As far as the sippy cup goes, I hadn't really thought about the splashing element. He really enjoys doing that - A LOT. He does it with his bottles, and with his sippy cups. He likes to take a sip or two (out of either), then drip a little to play in while he takes another sip or two. I only give him the sippy cup at meals, because I didn't want to substitute one bad habit (dripping the bottle and playing in it) with another by letting him run around with the sippy cup in the living room. Leakproof apparently is a subjective term.

Today I had to give him the sippy cup outside the highchair because I had the infant in it feeding her during his snack time and so he poured a little on the floor and then lay down to lick it up!
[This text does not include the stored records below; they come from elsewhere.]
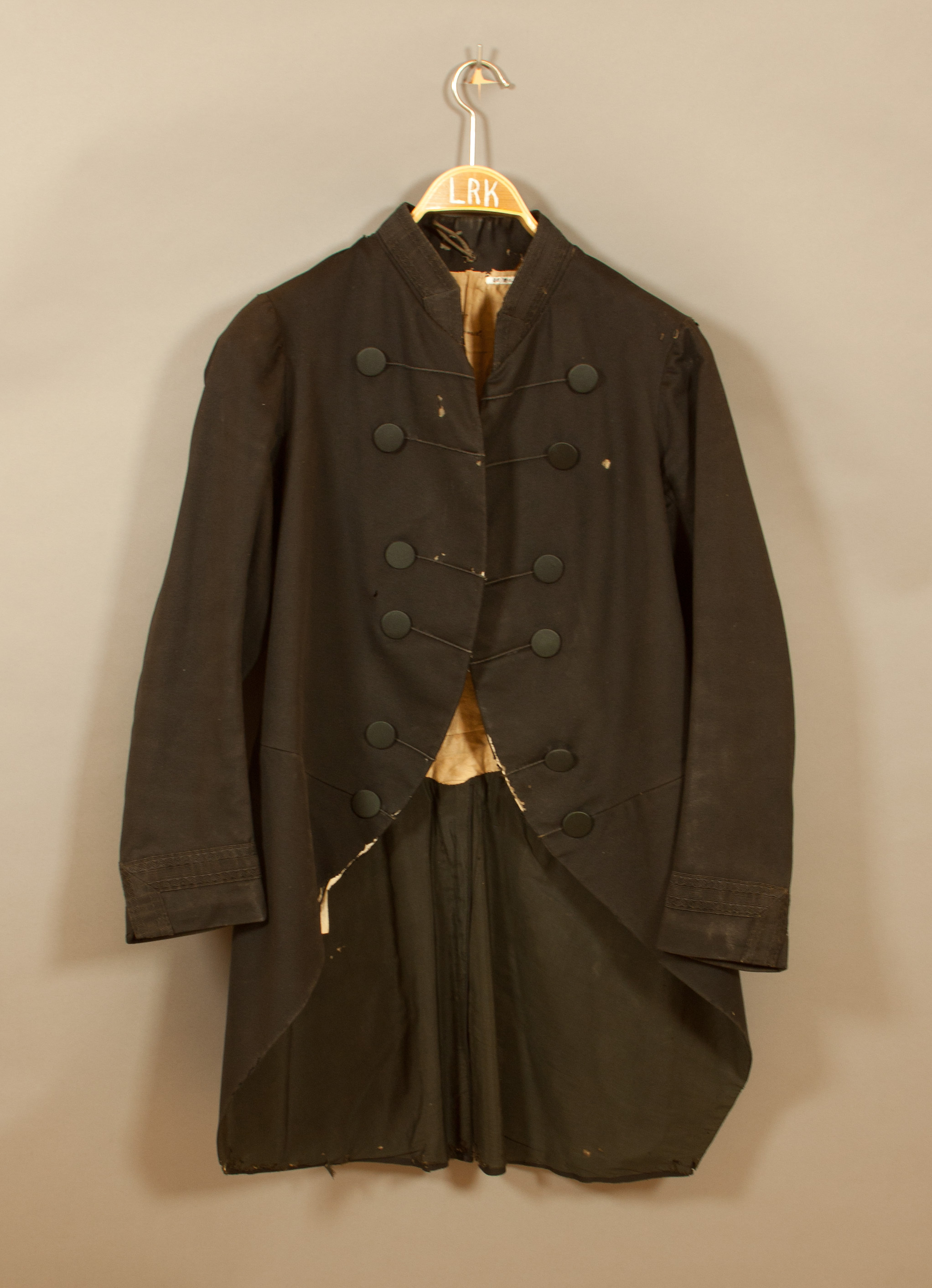 Frack av svart kläde tillskuren med midjesöm, mittsöm i ryggen, falsk dubbelknäppning, 2 x 6 platta knappar grupperade fyra och fyra, d: 27,6 mm, klädda med fint svart ylletyg ifrån knapparna till kanten svarta snoddar. Ihopfästning kant i kant med två hyskor och hakar. Ståndkrage med svart yllegalon, b: 34 mm. Nertill på ärmarna sprund, l: 70 mm, knapphål (knapp saknas) svart galon 36 mm från nederkanten samt efter sprundets framkant. Skört med sprund från midjan, rakt avskurna framkanter från midjan till 330 mm från sprundet, veck på hela längden 90 och 95 mm från sprundet. Vid midjan mittbak tre varandra delvis täckande kvadrater sydda av den svarta galonen, mitt på de två yttre en knapp. På skörten dessutom ornament av påsydda galoner, l: 275 mm, b: 95 mm, med i mitten tre knappar. Foder av gulvit glättad bomull i ryggen, vid kragen skrivet med bläck: "Aspling" och därnedanför: "Hammarlund". På skörten svart satängfoder. På kragens insida ögla.
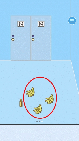 我們先把視角移動到第三場景,通過移動的時候我們發現除了玩家還有三個人而第三個場景有2個衛生間和三個香蕉還有一瓶不知道有什么作用的瓶子,瓶子經測試,點擊了它就會讓人強制加班,所以我們選擇掠過這個道具。
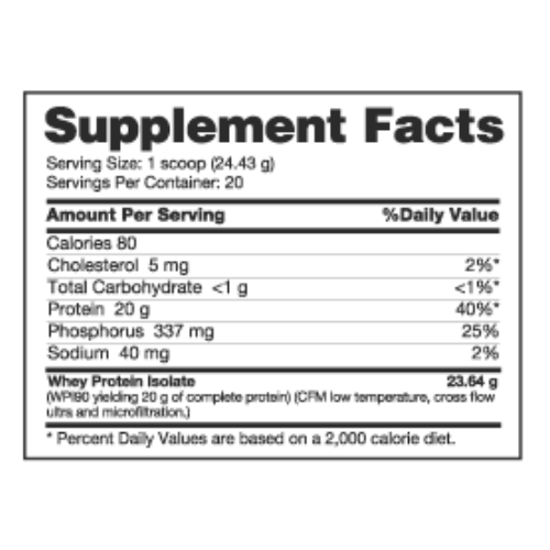 This whey isolate protein powder has NOT been amino or nitrogen spiked and contains NO whey concentrate, maltodextrin, dextrose, creamer, or other fillers. What you see on the label is what you get – a clean and clear whey protein isolate.
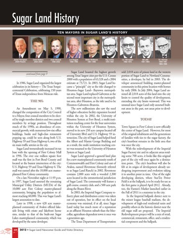 continued from page 9 In 1986, Sugar Land organized the largest celebration in its history— The Texas Sesquicentennial Celebration, celebrating 150 years of Texan independence from Mexican rule.
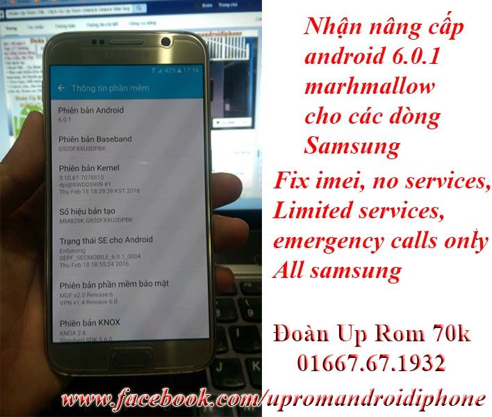 + Đoàn Up Rom nhận nâng cấp android 6.0.1 Marshmallow cho các dòng samsung. Thời điểm hiện tại 27/02/2016 đã có dòng galaxy s6 G920, S6 EDGE G925 và Note 5 N920 lên được android 6.0.1. Cảm nhận về rom 6.0.1 trên các dòng samsung: Phần thông tin liệt kế một danh sách dài nhiều tính năng mới: - Giao diện người dùng TouchWiz Home thiết kế mới - Quick connect giúp bạn tìm kiếm và kết nối các thiết bị một cách dễ dàng - Tăng cường bảo mật và tốc độ quét vân tay - Cập nhật nhật các bản vá bảo mật - Sửa lỗi quản lý RAM, đa nhiệm - ...và nhiều nhiều tính năng khác! Video: + Fix các dòng Samsung s6, s6 edge, note 5, s6 edge plus up sai rom up nhầm rom bị treo logo, bootloop, dm-verity failed, Device does not have DRK, Please install DRK first..." hoặc "Need to check DRK first... không khởi động được vào trong máy. + Nhận unlock sim fix, mở mạng cho Samsung Galaxy s5 hai 2 sim G900FD, cài tiếng việt cho S5 2 sim G9008v, G900FD... + Nâng cấp android 5.1.1 Lollipop cho Samsung Galaxy E7 E700H Liên hệ up rom: Đoàn Up Rom 70k - 01667.67.1932 (Call, SMS, Viber, Zalo) Skype: doanuprom Facebook: https://www.facebook.com/upromandroidiphone
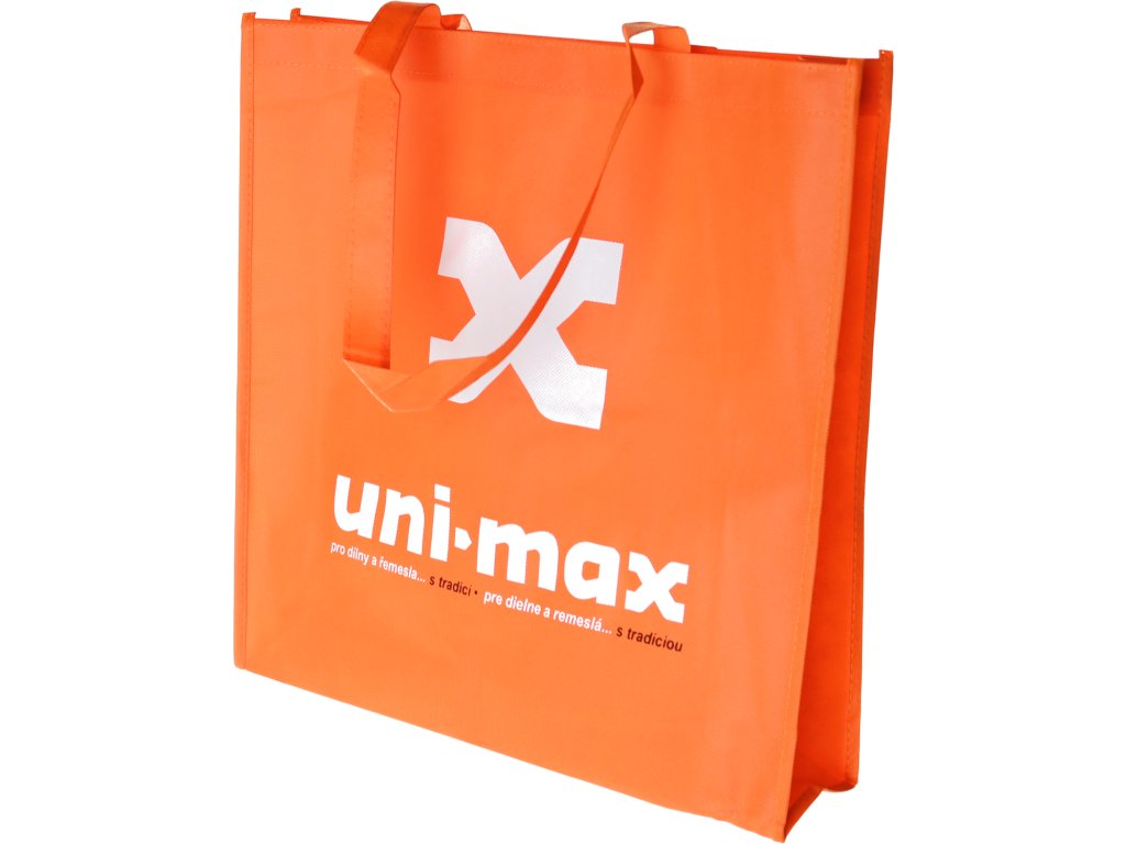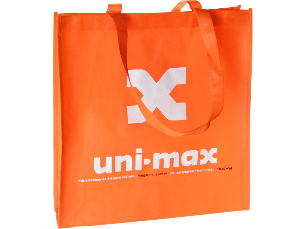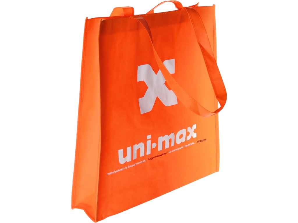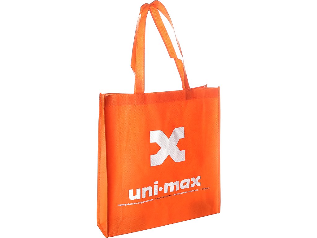 Mocna torba z logiem jest wykonana z nietkanej tekstylii czarnego koloru, wymiary 400 × 370 × 100 mm, nadaje się też do noszenia na ramieniu.
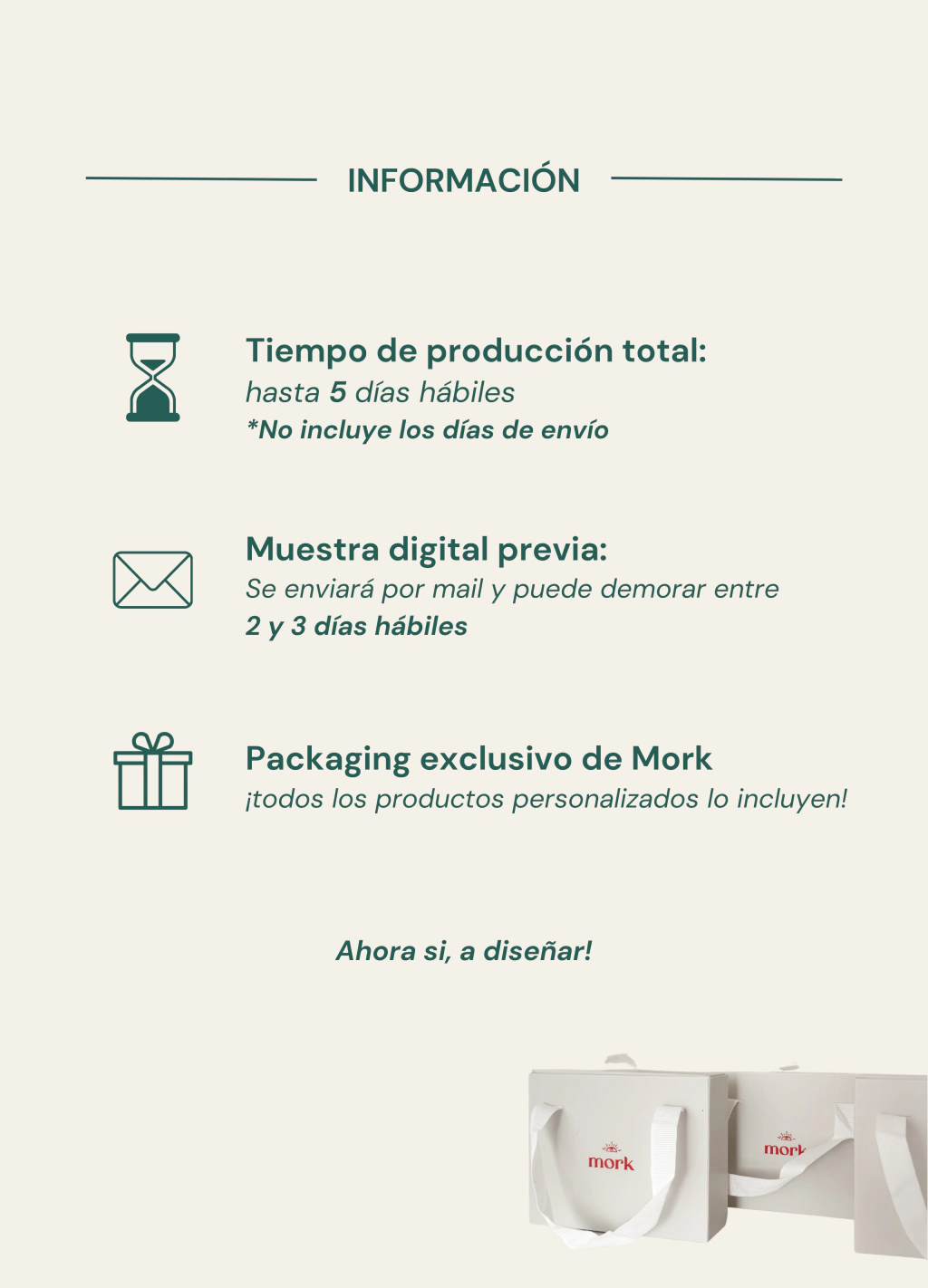Una vez aprobada la muestra, el tiempo de producción es de 2 a 3 días hábiles

UCK! I got to him and took the sippy, which is when he had the major meltdown. I think he just really enjoys exploring the different options of getting his milk into his belly

So, tomorrow morning the bottle station goes and I'll do the slower weaning of the bottles in bed like Manda suggested before by cutting them in half and then watering them down. We'll go slow and then my husband and I will talk about the whole babysitting thing tomorrow when I have him all to myself.

By the way, Manda, I think you are right about an older child - he has 3 older brothers and has none of those issues when they are around. In fact, when my sister's kids, who are older by a few years, came to visit, he had a blast and wanted to play with them the whole time. No meltdowns at all.. . interesting.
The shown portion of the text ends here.